30. Weighing the factors both for and against you, I note that the factors in aggravation, namely, you being a mature person with children of your own, committing the offence knowing that it was against the law and wrong for you to do what you did and the breach of trust placed in you as a close blood relative, an uncle, far outweighs those in your mitigation. In fact, I find that the factors in your mitigation are rendered insignificant by these aggravating factors. In the circumstances, I consider a sentence of 6 years is appropriate and I impose that sentence against you. Of that, I order a deduction of the period of six weeks you spent in pre-trial custody. That leaves you with the balance of 5 years, 10 months and 2 weeks yet to serve. I order that you serve that sentence in hard labour either at the Ningerum or Bomana Correction Services. A warrant of commitment in those terms shall issue forthwith.
___________________________
Public Prosecutor: Lawyers for the State
Public Solicitor: Public Solicitor
[1] [1979] PNGLR 300.
[2] [1970] SASR 374 at 377-378.
[3] [1982] PNGLR 269.
[4] (26/03/97) SC516.
[5] For examples of authorities on point The State v. Tikiria Amos (19/09/05) N2614 and Mitige Neheye v The State; Martin Gawi v The State [1994] PNGLR 71.
[6] See The State v. Joseph Ping (17/12/01) N2169; The State v. Lohori Mau (22/07/03) N2430; The State v. Peter Yawoma (19/01/01) N2032 for examples of authorities on point.
[7] (16/10/01) N2294.
[8] (01/04/04) SC739.
[9] CR N0. 1474 of 2005, a decision delivered in Tabubil on the 9th of this instant.

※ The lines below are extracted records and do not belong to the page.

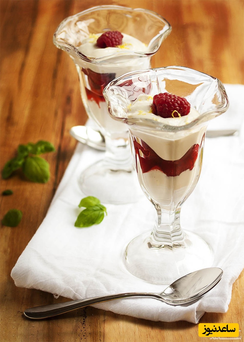 موقع سرو، روی آن را با خامه فرم گرفته و آلبالوی تازه تزیین نمایید.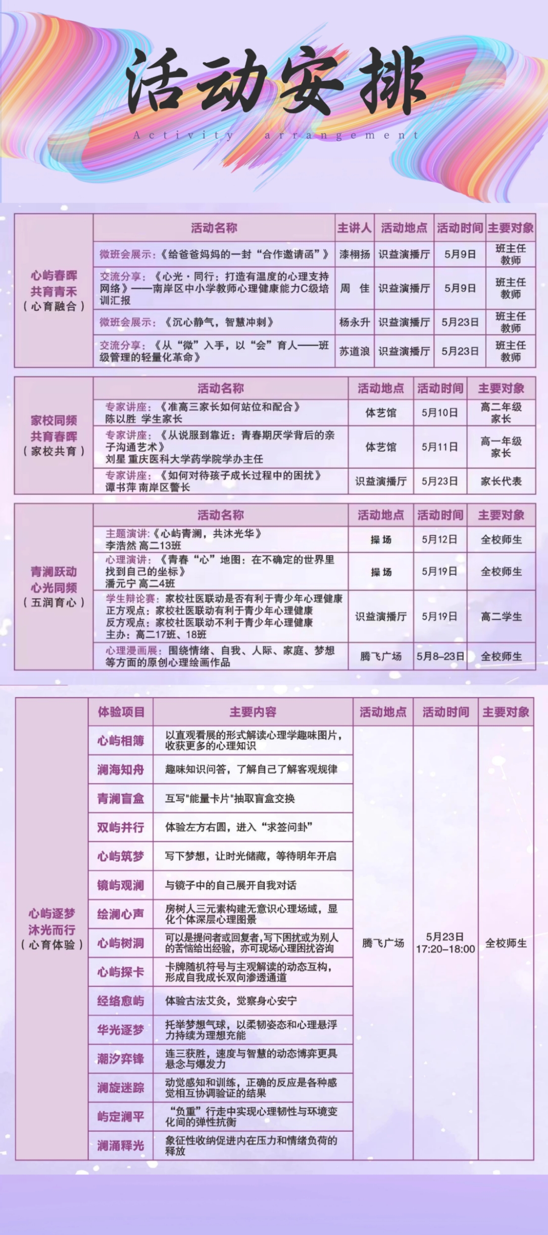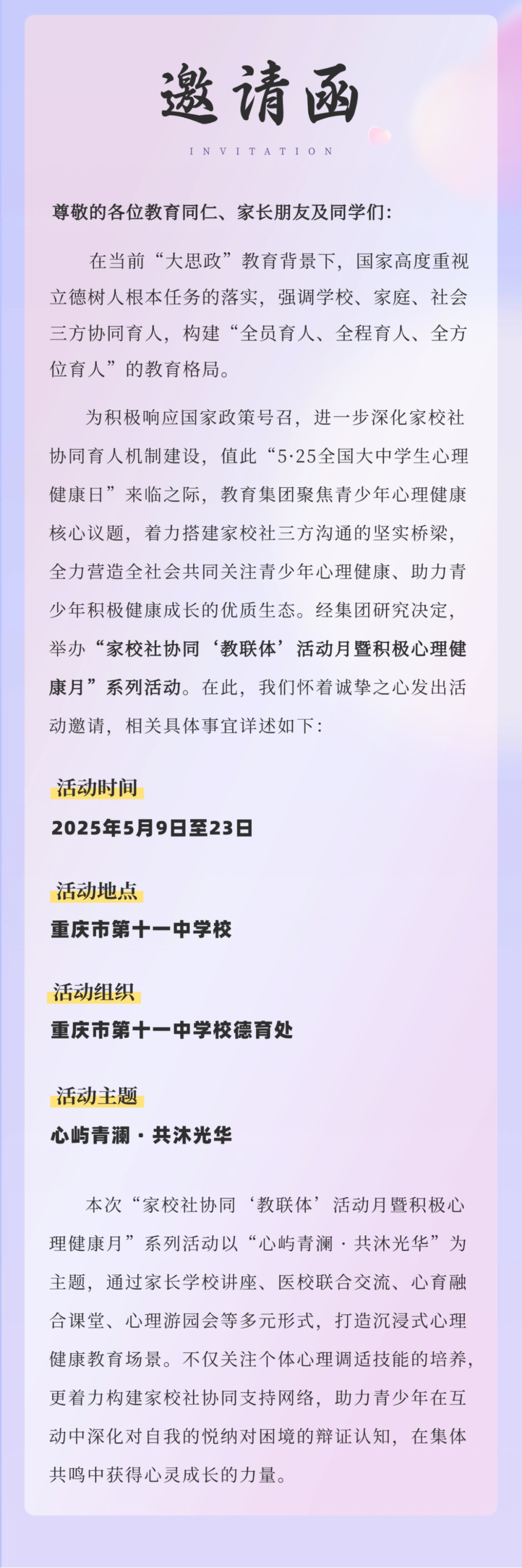 重庆十一中教育集团“心屿青澜 · 共沐光华”家校社协同“教联体”活动月暨积极心理健康月活动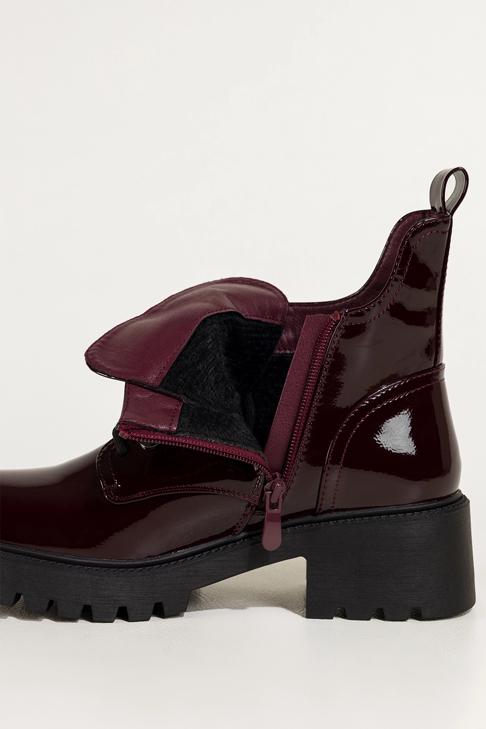 Bordowe botki damskie lakierowane na bieżnikowanej platformie ozdobny owad na języku sznurowane Casu model NW2399-6. Wykonane z wysokogatunkowej lakierowanej skóry ekologicznej, zachwycają głębokim połyskiem i odpornością na wilgoć. Wnętrze botków wyściełane jest miękkim futerkiem, które zapewnia przyjemne ciepło nawet w najchłodniejsze dni. Solidna konstrukcja i dbałość o detale gwarantują trwałość i wygodę przez.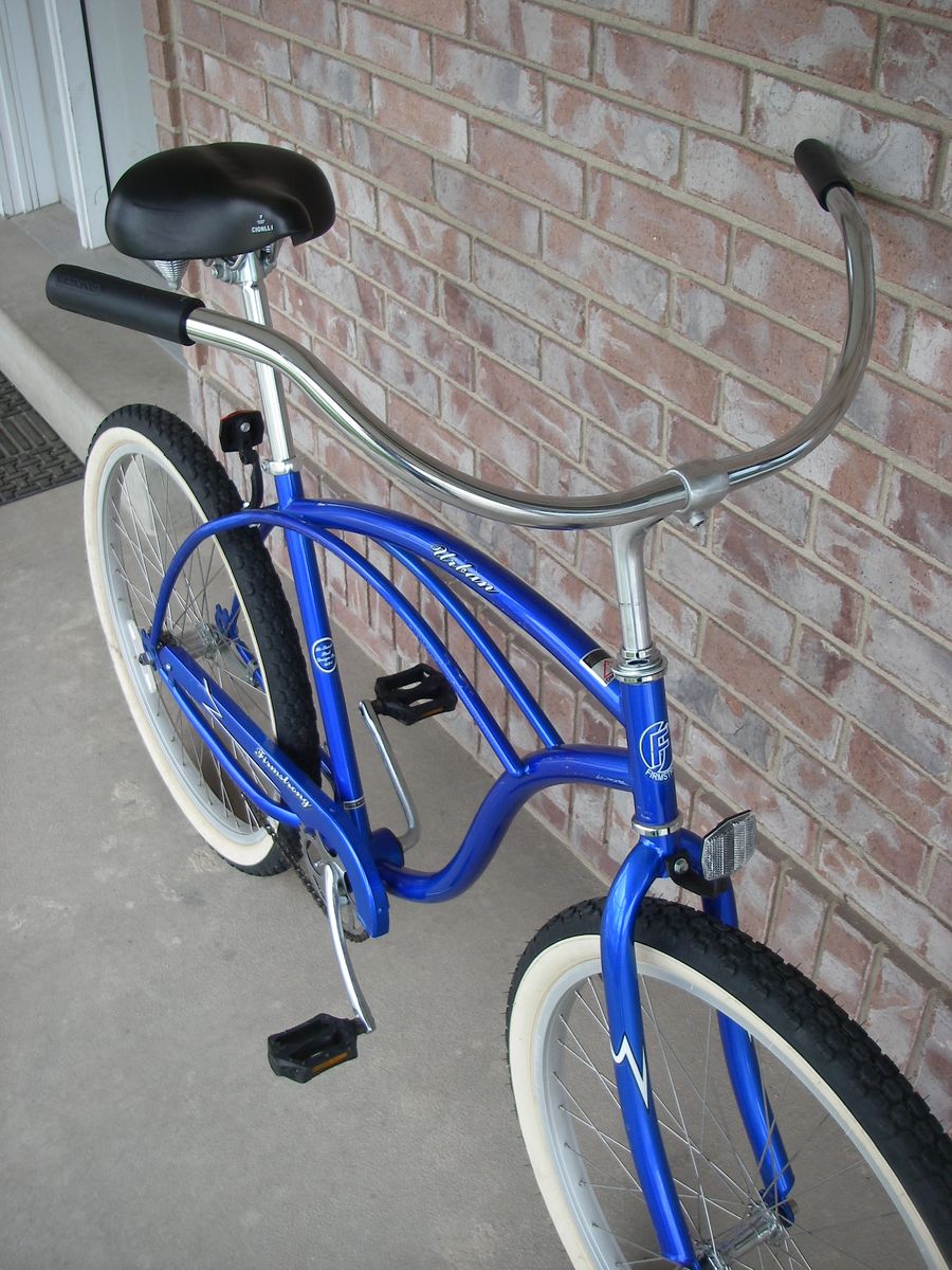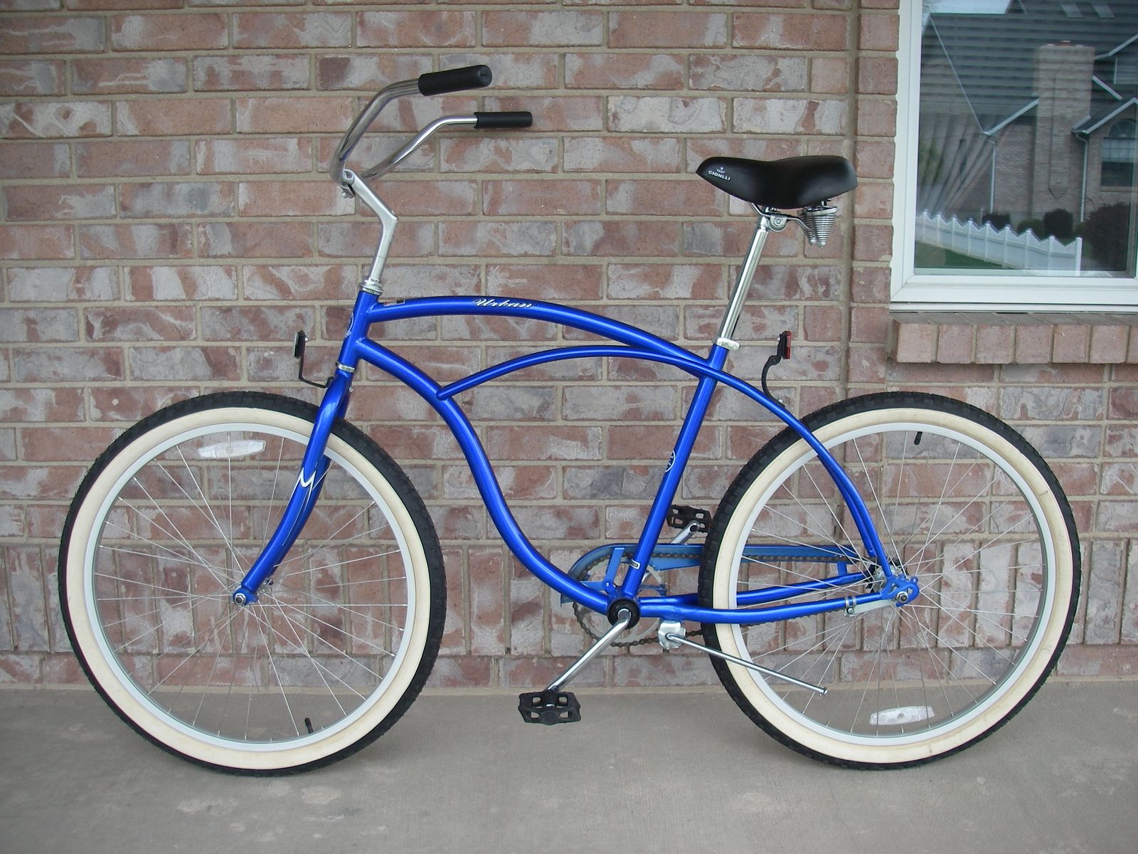 Large Mens 26" (wheel size) FIRMSTRONG URBAN Beach Cruiser Bike, Blue. Coaster Foot Brakes, Kickstand, Large 19" Frame. Has a long seat post which allows up a 36 inch "pants inseam" measurement from top of seat to down pedal (shortest is 29"). Kenda tires. Alloy Rims, HB Stem & Neck.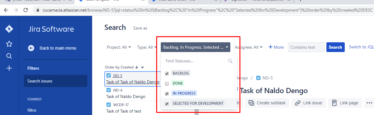 2. Under Filter, select Search issues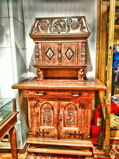 У Васнецовых, как я заметила, наблюдались только аутентичные предметы старинного русского быта, хоть он и мог себе позволить модные в ту пору диваны, но предпочитал лишь деревянные скамьи из массива, с двуглавым орлом дубовый столище посреди комнаты и вокруг расставленные кряжистые простые табуретки.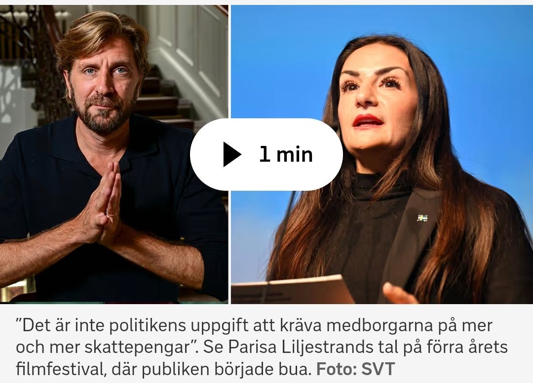“要求公民不断缴纳更多税款并不是政治的职责”——观看文化大臣帕丽莎·莉莉耶斯特兰德在去年电影节上的演讲,当时观众开始发出嘘声。照片:SVT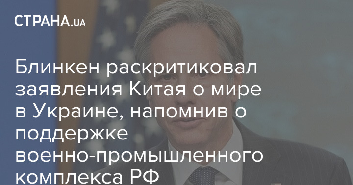 Державний секретар США Ентоні Блінкен розкритикував мирні плани Китаю для закінчення війни в Україні. Про це пише Reuters.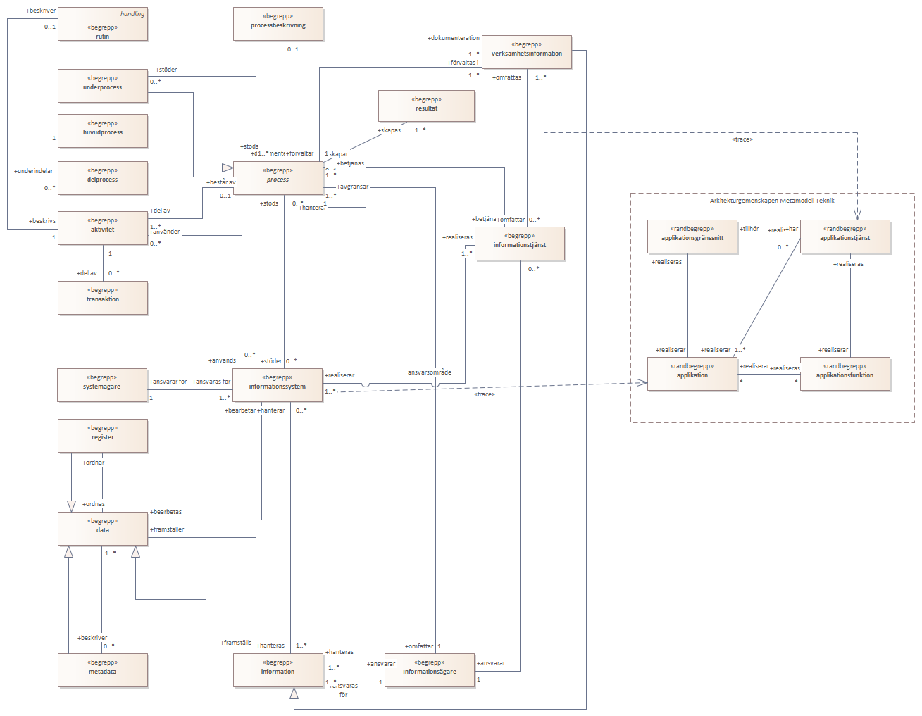 Diagrammaet visar begrepp som funnits särskilt intressanta för informationsarkitekturen. <br/><br/>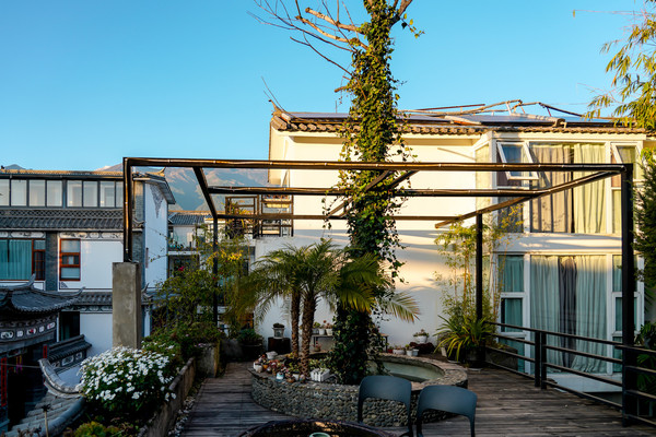 客栈一共有三层,二层和楼顶各有一个平台,很适合三五好友坐下来聊聊天,楼顶还可以远眺苍山,视野很开阔,景色很美。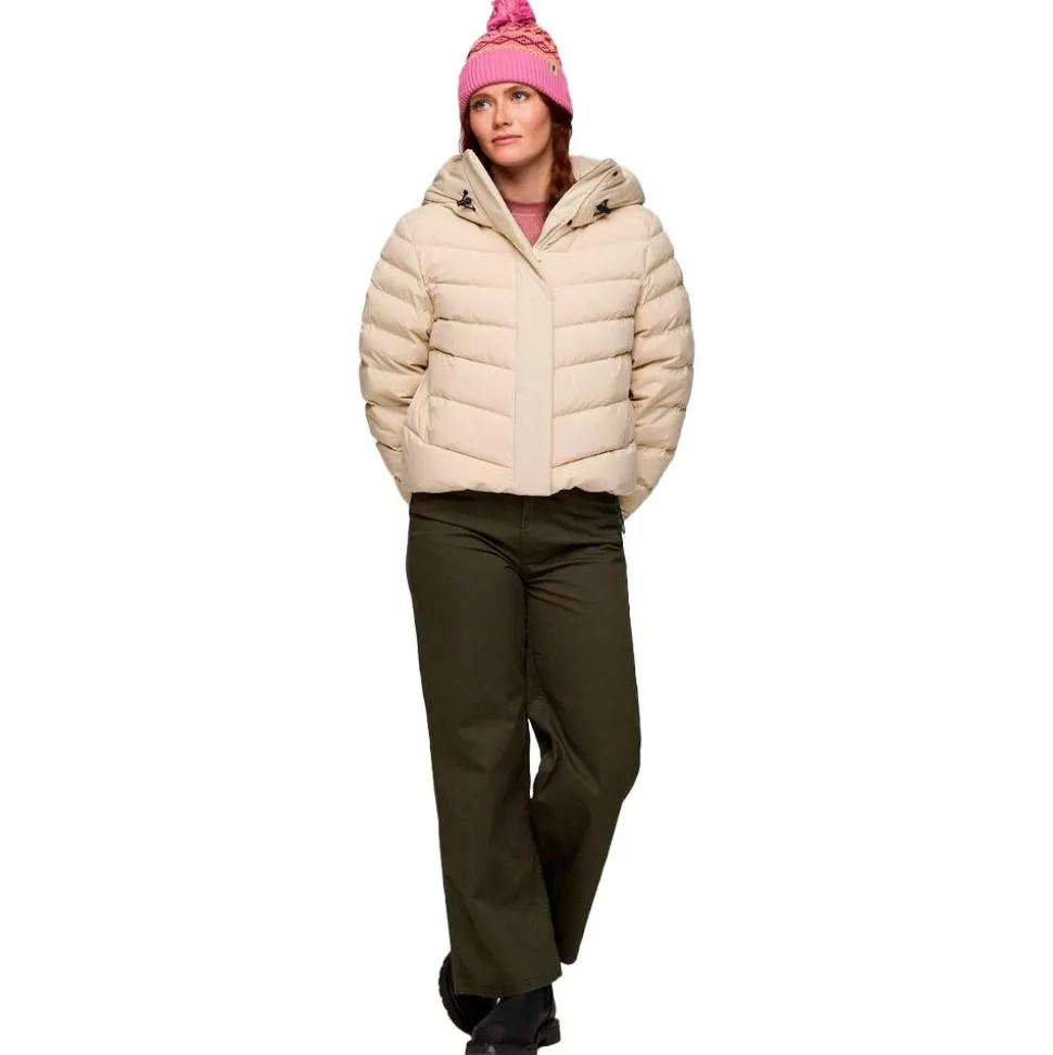 Le traitement déperlant renforce sa capacité à faire face à l’humidité, si quelques flocons se mettent à tomber ou si une averse de pluie légère survient dans un laps de temps assez court. L’isolation en duvet 650 fill d’origine responsable permet de rester au chaud lors des journées fraîches. Côté pratique, vous pouvez compter sur le protège-menton au niveau du col montant, sur les poches latérales, la poche poitrine intérieure, ainsi que sur la capuche.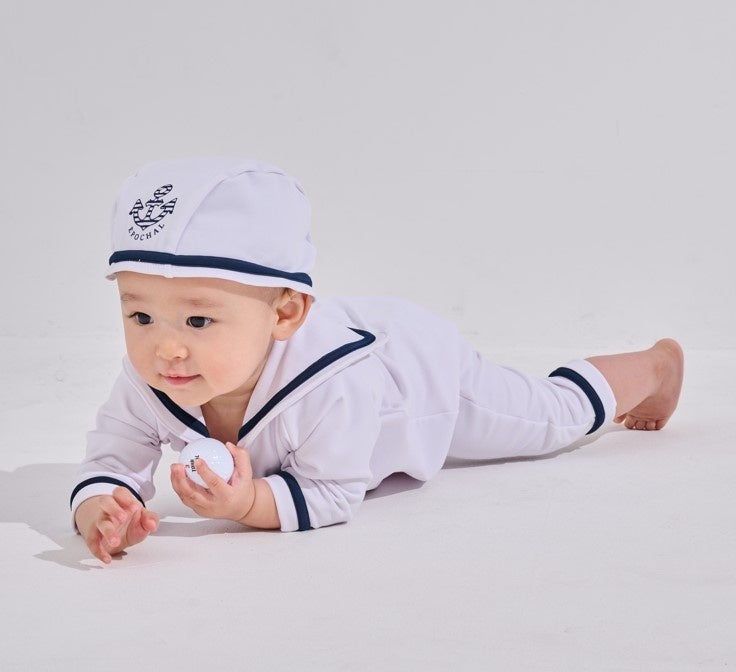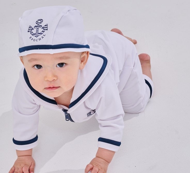 マリンスイムウエア&キャップはいかりマークをあしらった、ホワイト×ネイビーのマリンテイストが爽やかなパンツスーツタイプのラッシュガードとキャップのセット。抱っこしても、ハイハイしても、着崩れることなく0歳のおすわり時期から3歳くらいまで長くご着用いただけます。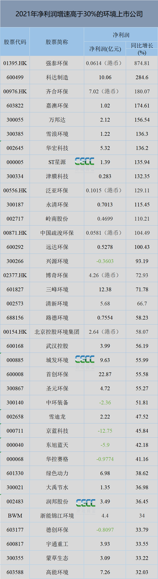 2021年環(huán)境上市企業(yè)最賺錢的都有誰?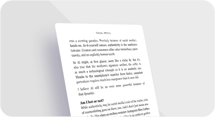 Social Media ents a seeming paradox. Precisely because of social media’s hands-on, do-it-yourself nature, authenticity is the medium’s lodestar. Creators and consumers alike value immediacy, spon- taneity, and an explicitly human touch. So AI might, at first glance, seem like a tricky fit. But it’s also true that the medium’s signature artifact, the selfie, is as much a technological triumph as it is an aesthetic one. Thanks to the smartphone’s superior form factor, snapshot portraiture requires much less manpower than it once did. I believe AI will be an even more powerful instance of that dynamic. Am I bot or not? While authenticity may be social media’s coin of the realm, a lot of counterfeiting goes on there, too. And I don’t just mean aes- thetically, like when an endless summer Instagram filter bathes the line between authenticity and artifice in an ambient golden glow. I mean potentially harmful forms of deception, like fake news stories, manipulated video, or that farmer from Iowa on Twitter who isn’t really a farmer, or Iowan, or human. Between the bots and the deepfakes, does it really make sense to add this kind of AI to the mix? While I addressed this in the Journalism chapter, it makes sense to address it here too. After all, it’s social media that has helped make disinformation so spreadable. It’s worth remembering that things didn’t start out this way. In many of its earliest incarnations, social media actually helped bring transparency and veracity to the online world. 101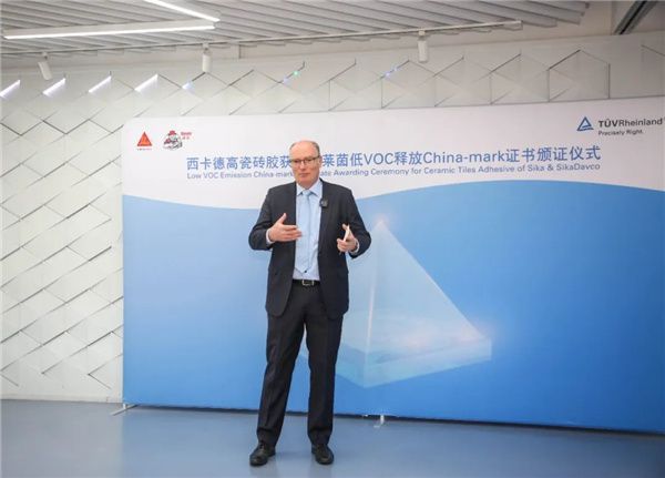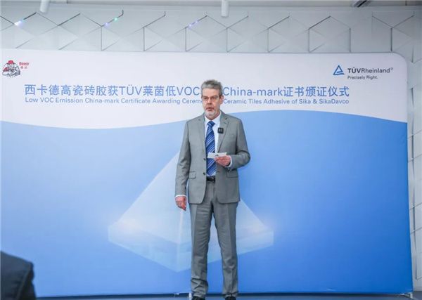 “祝贺西卡德高瓷砖胶系列产品通过TÜV莱茵的全面测试和审核,获‘低VOC释放’认证,表明西卡德高在环保意识和安全管理上的高要求。期待我们能在建筑材料方面有更多的合作,为产品的环保和定制提供更高的标准。”

[10] (Unreported and Unnumbered judgments, 2004).
[11] (21/06/04) N2670.
[12] (13/05/03) N2454.
[13] (03/02/04) N2521.
[14] (12/10/01) N2295.
[15] (19/09/05) N2614.
[16] [1994] PNGLR 71.
[17] See The State v. Raphael Kimba Aki (No.2) (28/03/01) N2082 and The State v. Lucas Yovura (29/04/03) N2366, for examples of cases on point.
[18] See The State v. Enni Mathew & 8 Ors (No 2) (29/10/03) N2563 for example of a case on point.